А он и сам уже видел и удивлялся, как это только что лежавший с температурой отец оказался во главе колонны и тоже с чем-то красным, прицепленным к пальто.
Лицо Тараса Петровича сияло нездешним восторгом, он шел быстрым, уверенным шагом, раздувая ноздри, его мощная грудь разрезáла воздушное пространство, как корабль волны, устремляясь вперед к одной ясно видимой ему и блистающей впереди цели. И Глебушка не посмел подойти к такому героического вида отцу, напоминавшему ему сейчас не то древнегреческого Ахилла, не то Спартака, не то самого Зевса – кого-то величественного и для простого смертного недоступного. Они с Володей пристроились сбоку, теряясь в рядах студентов, стараясь быть незаметными для «громовержца», но «громовержец», и увидев их, не обратил бы на них никакого внимания, погруженный в грандиозность свершающегося на их глазах потрясения основ.
В центре древнего Киева творилось что-то невообразимое. Казалось, весь город вышел на улицы и, пасхально облобызавшись, мгновенно оделся в кумач. Мелькали красные юбки, красные шарфы, красные розетки, красные платочки, красные цветы, с балконов свисали красные ковры, в воздухе реяли красные флаги. На недоуменно столбенеющих полицейских набрасывались со смехом и, празднично примиряясь, пытались нацепить и на их презренный мундир красный символ свободы, а они конфузливо отворачивались бормоча:
– Господа, что вы делаете? Не положено, господа…
Да как же не положено, когда свобода! И господа с веселым, беззлобным гоготом шли дальше, пьянея от всеобщего дерзкого веселья, от того, что никто с этого дня не смеет нанести свободной личности никакого вреда – ни этот полицейский, ни начальство, ни сам добровольно ограничивший себя царь!
Но на это жизнерадостное, бескорыстное, детское веселье стала вдруг накидываться словно бы какая невидимая черная тень, в легкомысленное веселье толпы будто плеснули гнилыми помоями, и ее радужно светящиеся нотки стали прорезывать совсем иные, мутные и озлобленные. На остановившиеся трамваи взбирались какие-то люди и, размахивая кумачом, что-то выкрикивали, словно выплевывали в толпу, беспощадно-ругательное и угрожающее, и ничего нельзя было разобрать, кроме одного настойчивого и все покрывающего требования «долой!».

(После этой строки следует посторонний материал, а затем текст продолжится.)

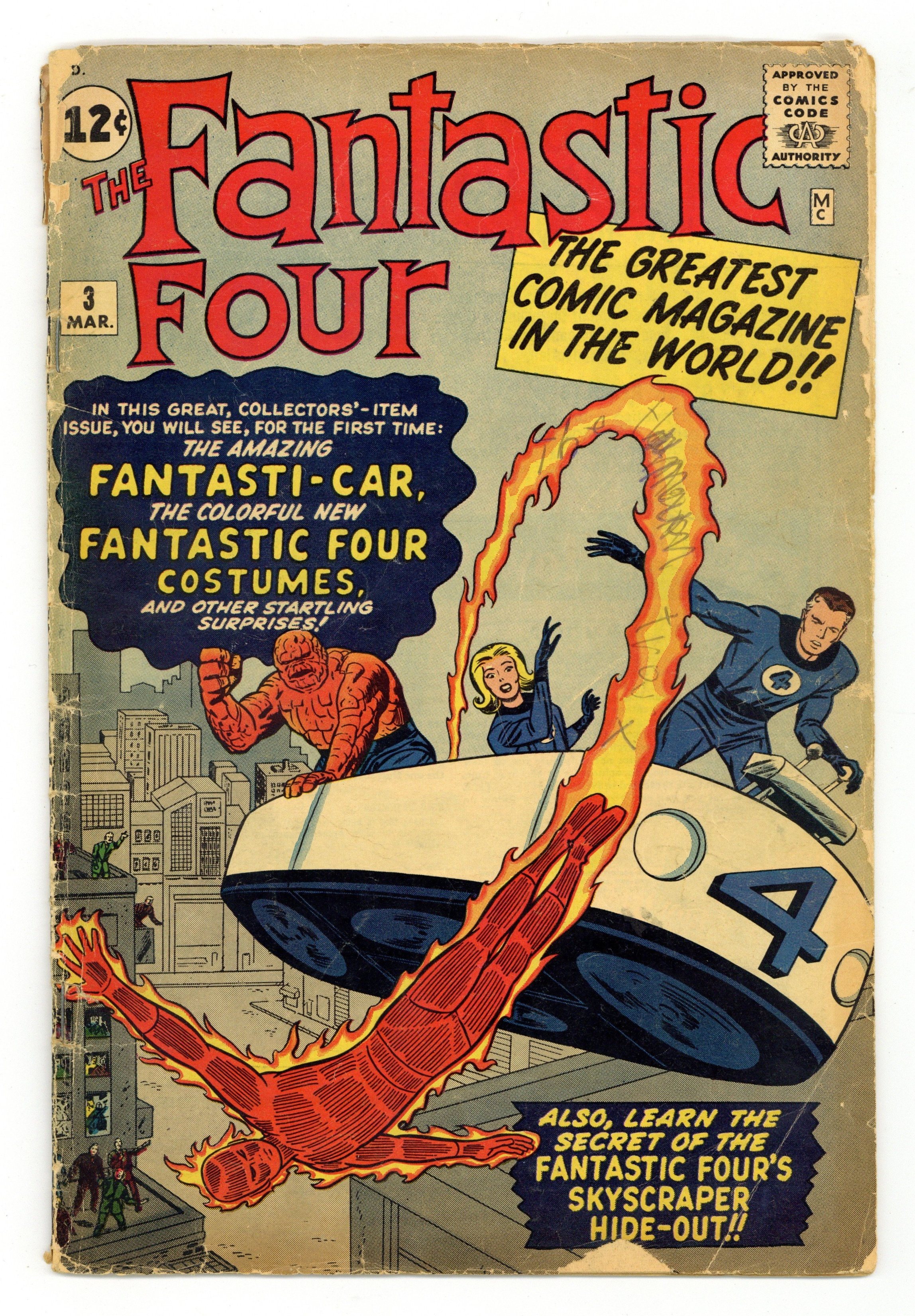 First 12-cent issue. Cover pencils by Jack Kirby, inks by Sol Brodsky. First appearance of the Miracle Man in "The Menace of the Miracle Man!", script by Stan Lee, pencils by Jack Kirby, inks by Sol Brodsky; The Miracle Man performs his super-villain debut at his magic show by humiliating the Thing. Johnny Storm the Human Torch! Pin-Up Page, pencils by Jack Kirby, inks by Sol Brodsky. Chapter II "The Monster Lives!"; Miracle Man declares war on humanity and animates a movie monster statue. Chapter III "The Flame that Died!"; Human Torch torches the animated Monster from Mars-statue and Invisible Girl stowes away on the atomic tank that Miracle Man has stolen. Chapter IV "In the Shadow of Defeat!"; The Thing recalls the origin of the Fantastic Four while the Invisible Girl is taken prisoner by Miracle Man. Chapter V "The Final Challenge!" This issue features the first appearances of the FF costumes and the Fantasticar. First FF letters page; letter to the editor from comics artist Alan Weiss. (For the original, unused Kirby/Dick Ayers cover to this issue, see Fantastic Four 224.) 36 pgs. $0.12. Cover price $0.12.
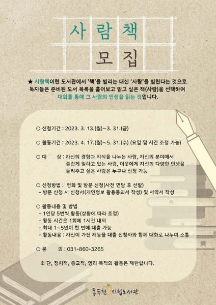 동두천시립도서관에서는 먼저 자신 삶의 지혜와 경험을 나누어줄 ‘사람책’을 8명 내외로 모집한다.

«Да зачем же теперь „долой“, когда всем такая свобода и радость?» – еще добродушествовала толпа. Кого теперь-то «долой!», когда сам царь отвесил полной мерой своему народу чаемые свободы слова, собраний, совести и прочее, и прочее, и прочее… Когда царь обещал думу! Совет с лучшими, выбранными из народа людьми! И не только совет, но и послушание ей! Ибо без думы и закона теперь царю уже не принять! Вот как добровольно умáлил себя царь! И за это ему полное «ура!», а не «долой!».
Ан нет! Его-то, оказывается, и долой! Ибо он-то и есть первейший враг и злодей! И обманщик! А все свободы – для видимости! Для пускания пыли в глаза! И потому мы все равно требуем! И чтобы немедленно! Учредительное собрание! И всем политическим скорее возвратиться домой!
А-а-а! Вот оно что!.. Значит, царская свобода – для бомбистов?.. Так, значит, приходится понимать, что струсил царь?..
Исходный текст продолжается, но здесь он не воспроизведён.